Genau sieben Wochen, nachdem ich dieses Foto aufgenommen habe, beginnt eine kleine Gruppe von Umweltschützern einen Sitzstreik im Gezi-Park. Sie protestieren gegen ein geplantes Bauvorhaben, das die Zerstörung der letzten bedeutenden Grünflache in der Innenstadt zur Folge haben soll. Nach wenigen Tagen geht die Polizei gewaltsam gegen die Demonstranten vor und versucht, den Park zu räumen. Die extreme Härte des Polizeieinsatzes schockiert die Öffentlichkeit, Zehntausende strömen auf den Taksim-Platz und setzen den Auftakt für die größten Proteste, die die Türkei seit Jahrzehnten erlebt hat. Wochenlang toben die Gefechte zwischen Zivilbevölkerung und Staatsgewalt, bis der Park entgültig geschlossen wird.

Die Auseinandersetzung ist jedoch noch nicht beendet. Eine neue Generation wächst in den Städten der Türkei heran, die kein Verständnis für den zunehmend autoritären Führungsstil ihres Ministerpräsidenten aufbringen kann. Eine Gesellschaft wacht auf und stellt fest, dass sie von der herrschenden Klasse nicht mehr angemessen vertreten wird. Die Türkei befindet sich in einem großen Umbruch und während ganz Europa in einer Rezession feststeckt, legt die Wirtschaft hier kontinuierlich zu. Mit dem Kampf nach Freiheit entsteht auch ein neues nationales Selbstbewusstsein. Wir dürfen gespannt dabei zusehen, wie dieses Land an seiner Identität festhält, während es im internationalen Wettbewerb eine immer wichtigere Rolle spielt.

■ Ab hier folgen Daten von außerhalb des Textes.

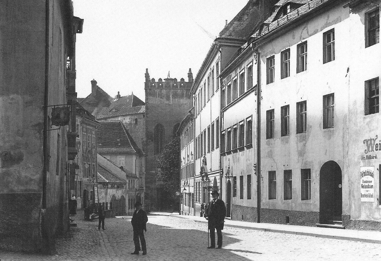 Bautzen; Castle Street with Matthias Tower ca. 1900

Ich werde wiederkommen, das steht fest. Als ich in den Straßen Istanbuls unterwegs war, plagte mich immer wieder ein seltsames Gefühl, als sei ich im Sommer bei unerträglicher Hitze mit fiebrigem Kopf ans Bett gefesselt. Bloße Einbildung, glaube ich. Reiner Unmut darüber, dass ich nur einen winzigen Bruchteil dieser Stadt kennenlernen konnte und die fotografische Ausbeute meinen Erwartungen nicht standhalten kann. Aber ist es nicht schön, dass ich beim nächsten Mal getrost die Pfade der Touristen verlassen und mich in das Leben der Einheimischen stürzen kann? Dass ich dann ganz in die Welt Ohran Pamuks und die Bilder Ara Gülers eintauchen kann? Ich werde wiederkommen.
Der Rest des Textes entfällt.